▸ The problem
Take the lines in the listing below from the line with "BNDL-TR1405-WH1412-CC0003-LN – SGC" up to and including the line with "Стеклянная дверь —" and set them down exactly, skipping pictures and adding nothing.

▸ Records shown
◆ ◆ ◆

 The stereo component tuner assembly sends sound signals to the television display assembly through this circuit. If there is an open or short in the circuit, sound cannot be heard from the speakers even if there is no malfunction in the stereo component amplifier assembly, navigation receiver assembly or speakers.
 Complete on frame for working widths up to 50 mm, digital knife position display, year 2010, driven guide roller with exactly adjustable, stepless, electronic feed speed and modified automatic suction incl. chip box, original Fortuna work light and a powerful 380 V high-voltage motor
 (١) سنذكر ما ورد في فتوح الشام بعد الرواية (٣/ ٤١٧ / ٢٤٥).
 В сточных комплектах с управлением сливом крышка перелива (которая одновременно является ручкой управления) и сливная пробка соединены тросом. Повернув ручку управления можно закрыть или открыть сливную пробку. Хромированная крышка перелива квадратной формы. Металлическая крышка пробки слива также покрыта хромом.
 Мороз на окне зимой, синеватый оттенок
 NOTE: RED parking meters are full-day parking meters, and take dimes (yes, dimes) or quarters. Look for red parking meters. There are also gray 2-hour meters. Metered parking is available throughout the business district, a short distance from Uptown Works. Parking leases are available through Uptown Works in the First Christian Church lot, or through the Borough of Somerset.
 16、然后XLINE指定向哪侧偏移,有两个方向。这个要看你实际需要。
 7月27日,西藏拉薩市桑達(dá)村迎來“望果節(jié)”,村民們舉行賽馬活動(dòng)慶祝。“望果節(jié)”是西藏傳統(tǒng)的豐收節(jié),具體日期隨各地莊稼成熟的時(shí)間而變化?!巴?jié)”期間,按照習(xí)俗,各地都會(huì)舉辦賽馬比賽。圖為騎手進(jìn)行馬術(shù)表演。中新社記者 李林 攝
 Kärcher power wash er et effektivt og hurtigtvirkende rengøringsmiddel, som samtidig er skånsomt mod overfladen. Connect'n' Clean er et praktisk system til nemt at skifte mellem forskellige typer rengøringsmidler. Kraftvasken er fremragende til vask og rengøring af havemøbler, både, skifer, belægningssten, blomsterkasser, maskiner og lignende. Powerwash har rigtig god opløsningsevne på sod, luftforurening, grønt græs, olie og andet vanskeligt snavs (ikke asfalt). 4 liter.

◆ ◆ ◆

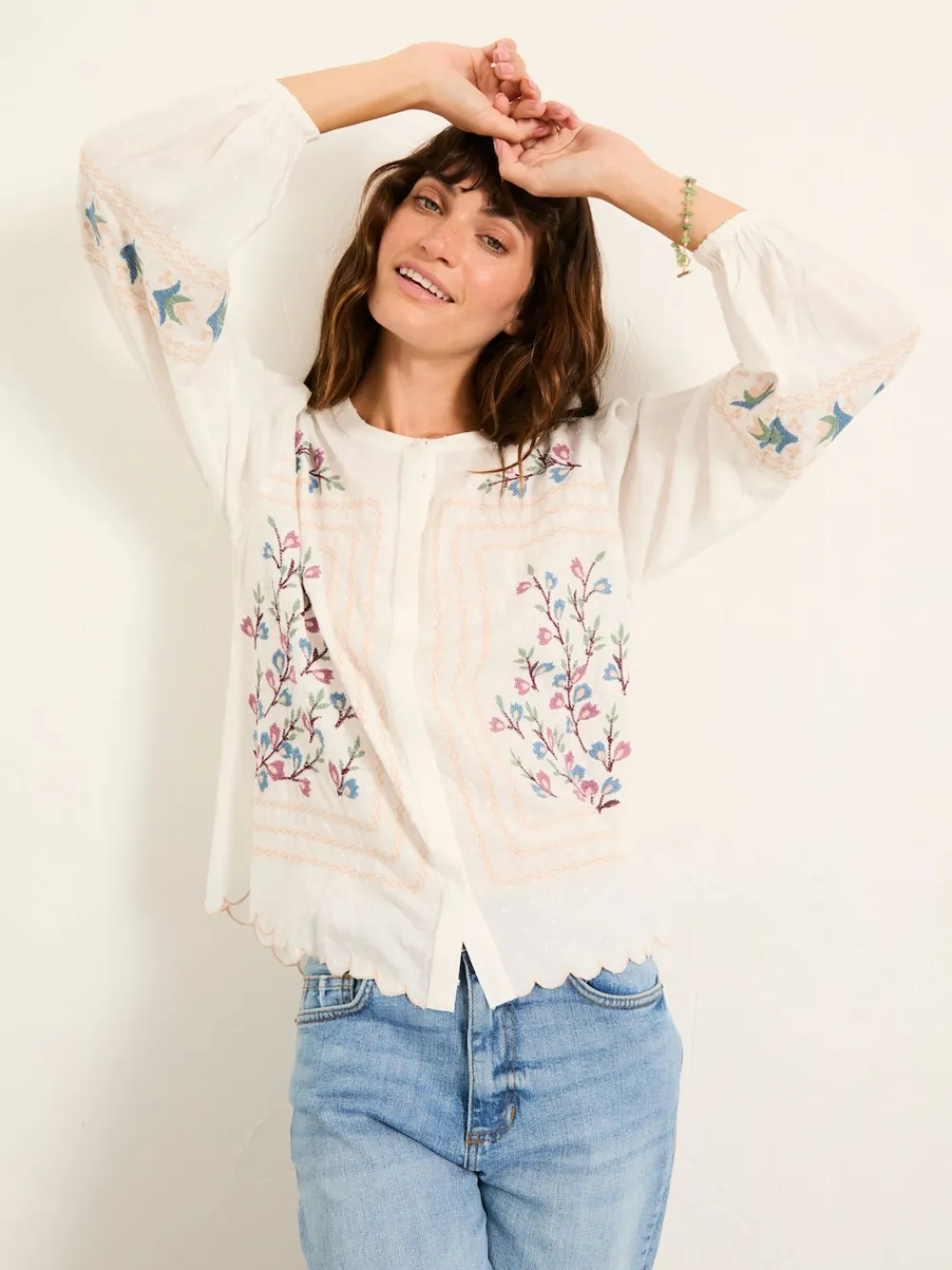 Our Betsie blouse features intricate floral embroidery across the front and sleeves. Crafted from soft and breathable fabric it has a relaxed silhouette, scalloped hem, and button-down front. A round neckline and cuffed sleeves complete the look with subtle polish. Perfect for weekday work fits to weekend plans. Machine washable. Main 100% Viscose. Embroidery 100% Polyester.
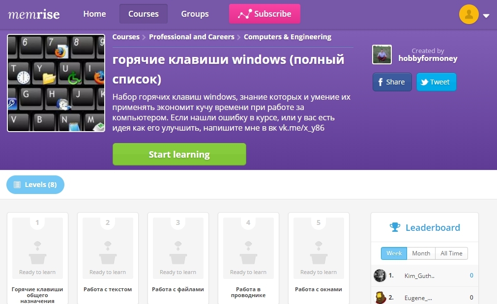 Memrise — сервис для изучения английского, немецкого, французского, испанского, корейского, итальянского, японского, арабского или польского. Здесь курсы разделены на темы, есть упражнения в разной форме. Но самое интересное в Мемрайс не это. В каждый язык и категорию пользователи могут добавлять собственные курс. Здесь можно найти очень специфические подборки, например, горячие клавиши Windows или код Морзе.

◆ ◆ ◆

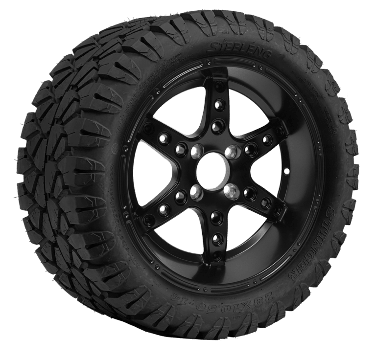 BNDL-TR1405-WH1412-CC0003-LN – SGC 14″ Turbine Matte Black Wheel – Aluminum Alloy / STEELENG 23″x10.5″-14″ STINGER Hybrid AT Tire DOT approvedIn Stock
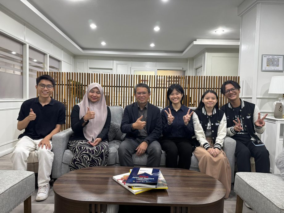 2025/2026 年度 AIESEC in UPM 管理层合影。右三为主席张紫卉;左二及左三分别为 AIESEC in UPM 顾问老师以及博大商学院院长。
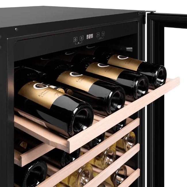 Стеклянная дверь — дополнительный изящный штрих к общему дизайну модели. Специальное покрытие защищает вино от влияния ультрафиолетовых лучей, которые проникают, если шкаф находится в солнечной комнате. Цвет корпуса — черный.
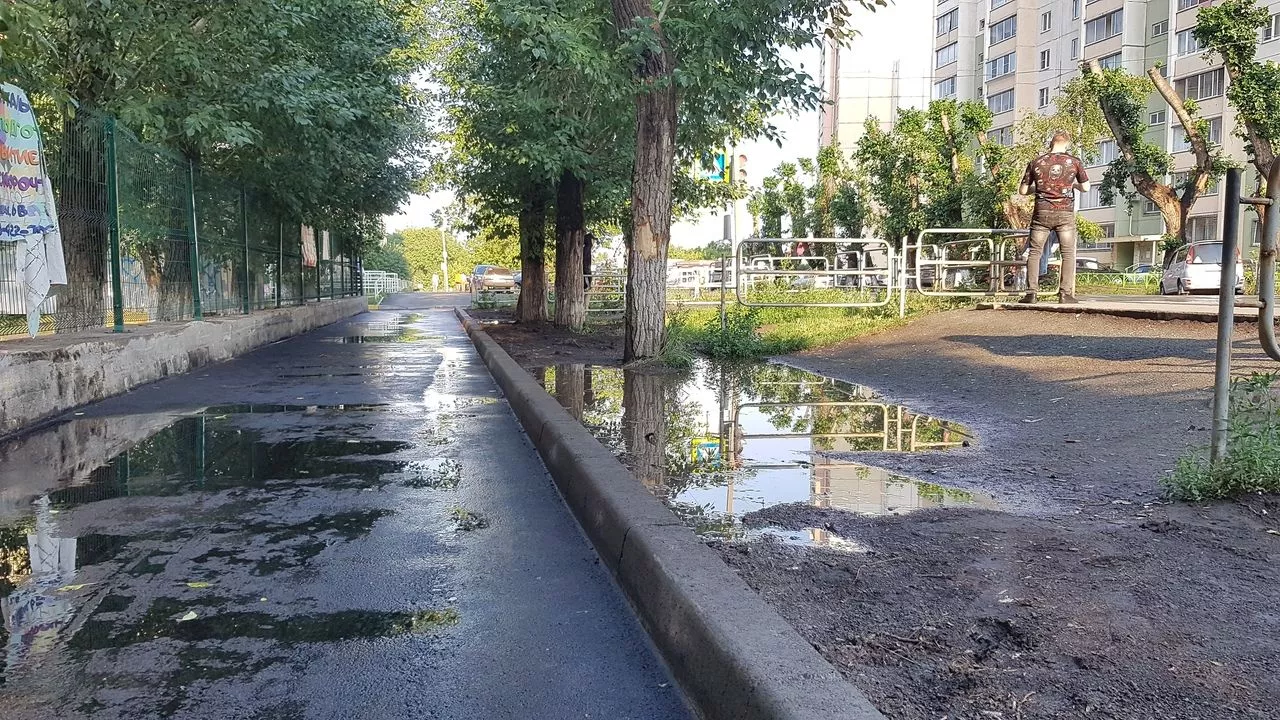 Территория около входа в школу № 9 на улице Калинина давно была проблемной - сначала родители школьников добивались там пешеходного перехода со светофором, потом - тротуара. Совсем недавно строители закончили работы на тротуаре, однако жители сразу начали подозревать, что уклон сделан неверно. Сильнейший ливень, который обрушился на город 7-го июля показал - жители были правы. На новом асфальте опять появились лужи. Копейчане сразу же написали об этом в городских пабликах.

◆ ◆ ◆

▸ Answer box
 BNDL-TR1405-WH1412-CC0003-LN – SGC 14″ Turbine Matte Black Wheel – Aluminum Alloy / STEELENG 23″x10.5″-14″ STINGER Hybrid AT Tire DOT approvedIn Stock
 2025/2026 年度 AIESEC in UPM 管理层合影。右三为主席张紫卉;左二及左三分别为 AIESEC in UPM 顾问老师以及博大商学院院长。
 Стеклянная дверь — дополнительный изящный штрих к общему дизайну модели. Специальное покрытие защищает вино от влияния ультрафиолетовых лучей, которые проникают, если шкаф находится в солнечной комнате. Цвет корпуса — черный.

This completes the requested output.